Rule of thumb: Work inside WSL2's filesystem. Use /mnt/c only for transferring files.

GPU Passthrough Benchmarks

NVIDIA's GPU passthrough in WSL2 is remarkably efficient. Independent benchmarks show:

  • Compute performance: 95-99% of native Linux CUDA performance for matrix operations and training loops.
  • Memory bandwidth: Near-native, within 2-5% of bare metal.
  • Inference latency: Identical to native for batch sizes commonly used in LLM inference.
  • PCIe overhead: Minimal — the GPU is assigned directly to the WSL2 VM through paravirtualization.

In practice, you will not notice a difference between training on WSL2 versus a native Linux install. The only exception is multi-GPU setups, where NVLink performance may have slight overhead.

Common Issues and Fixes

WSL2 running out of memory

By default, WSL2 can use up to 50% of your total RAM. For AI workloads, you need more. Create %UserProfile%/.wslconfig:

[wsl2] memory=32GB processors=8 swap=8GB localhostForwarding=true

Restart WSL2: wsl --shutdown then launch again.

CUDA out of memory errors

Monitor GPU memory usage with watch -n 1 nvidia-smi. If you run multiple models simultaneously, you may exhaust VRAM. Clear the cache:

sudo fuser -v /dev/nvidia*

Or simply restart the WSL2 instance.

Network issues with VPNs

Some VPNs interfere with WSL2 networking. If you cannot access the internet inside WSL2, try disabling the VPN or configuring split tunneling to exclude WSL2 traffic.

File permissions

When cloning repositories or moving files, you may encounter permission issues. Use chmod and chown inside WSL2 rather than trying to fix permissions from Windows.

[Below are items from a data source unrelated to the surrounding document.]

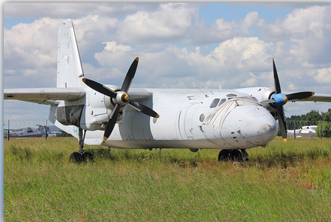
Фото: июль 2013 года.
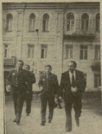
ახლახან, საქართველოს კომპარტიის ცენტრალურ კომიტეტში გამართულ რესპუბლიკის პარტიული აქტივის კრებაზე სხვადასხვა პასუხისმგებელ მუშაკებთან ერთად მოწვეული იყვნენ საქალაქო და
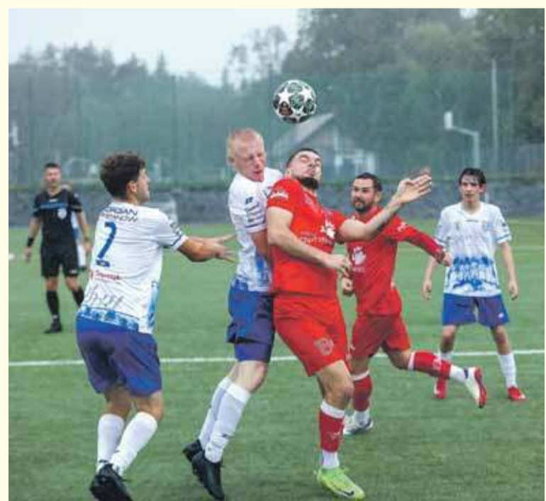
AP Wisła - Jordan Jordanów
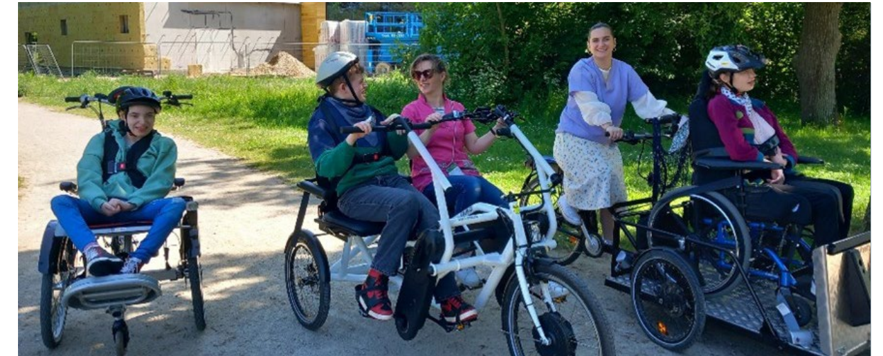
■ Les balades à vélo apportent beaucoup d'apaisement aux enfants et adolescent·es polyhandicapés.

Organiser des temps conviviaux, faciliter les échanges entre familles ou encore récolter des fonds : l'association constituée par les familles dont les enfants sont accueillis au Pôle Elisabeth Zucman joue un rôle essentiel pour appuyer les actions de l'établissement.
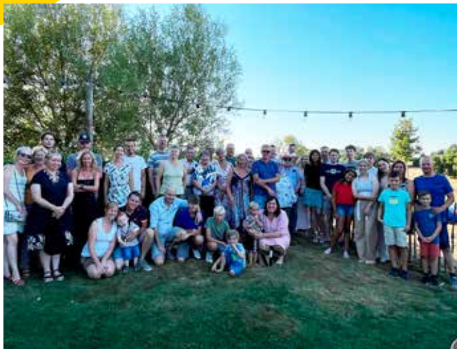
BUURTFEEST RASBEEKSTRAAT, 13/08
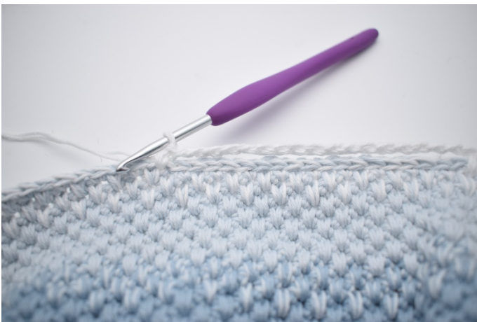
3. Spring over de 18 km.
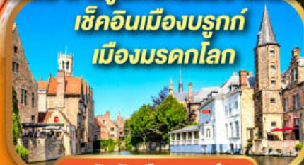
จัตุรัสเมืองบรูคซ์
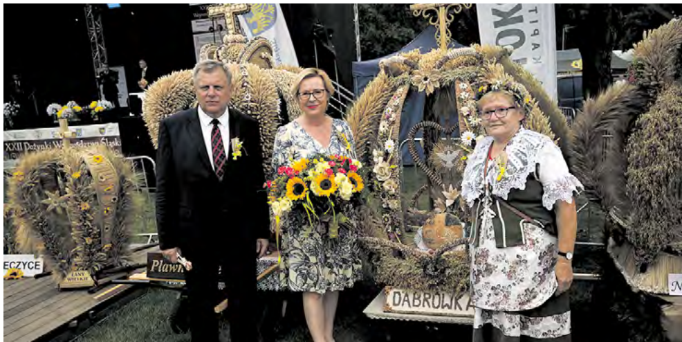
XXII Dożynki Województwa Śląskiego – podczas części oficjalnej.
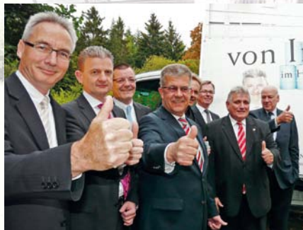
Optimismus pur: Hochkarätige Gäste waren beim Kampagnenstart dabei.
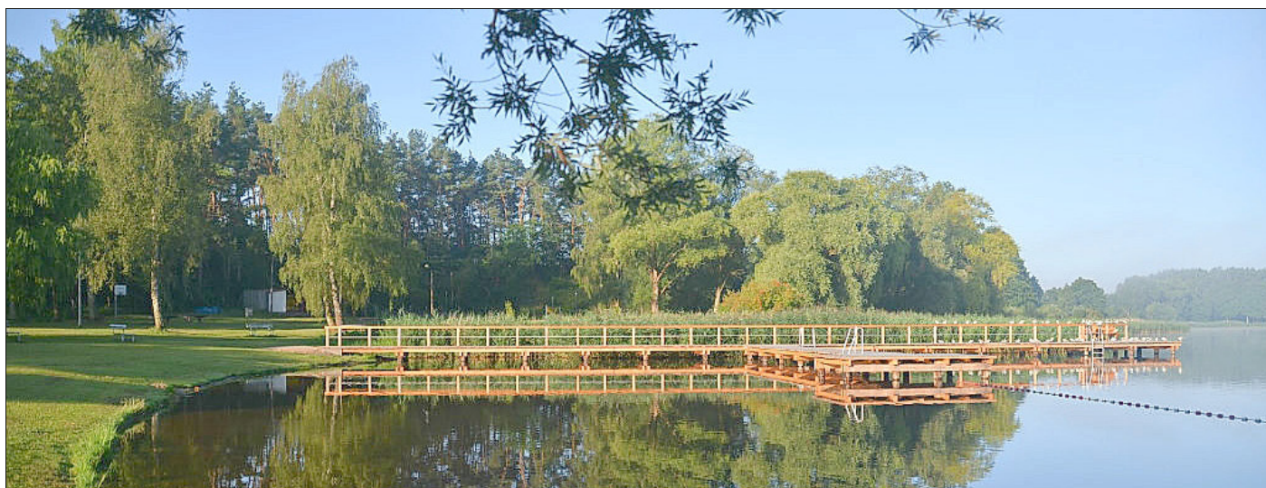
An der Badestelle Barnin

Docker daemon not starting

If Docker fails to start, ensure virtualization is enabled in BIOS and that Hyper-V is turned on in Windows Features:

dism.exe /online /enable-feature /featurename:Microsoft-Hyper-V /all /quiet

Conclusion

WSL2 has eliminated the last remaining reason to dual-boot for AI development. With GPU passthrough, native Linux performance, and seamless VS Code integration, you get a world-class AI development environment without leaving Windows. The setup takes about an hour, and the productivity gains are enormous.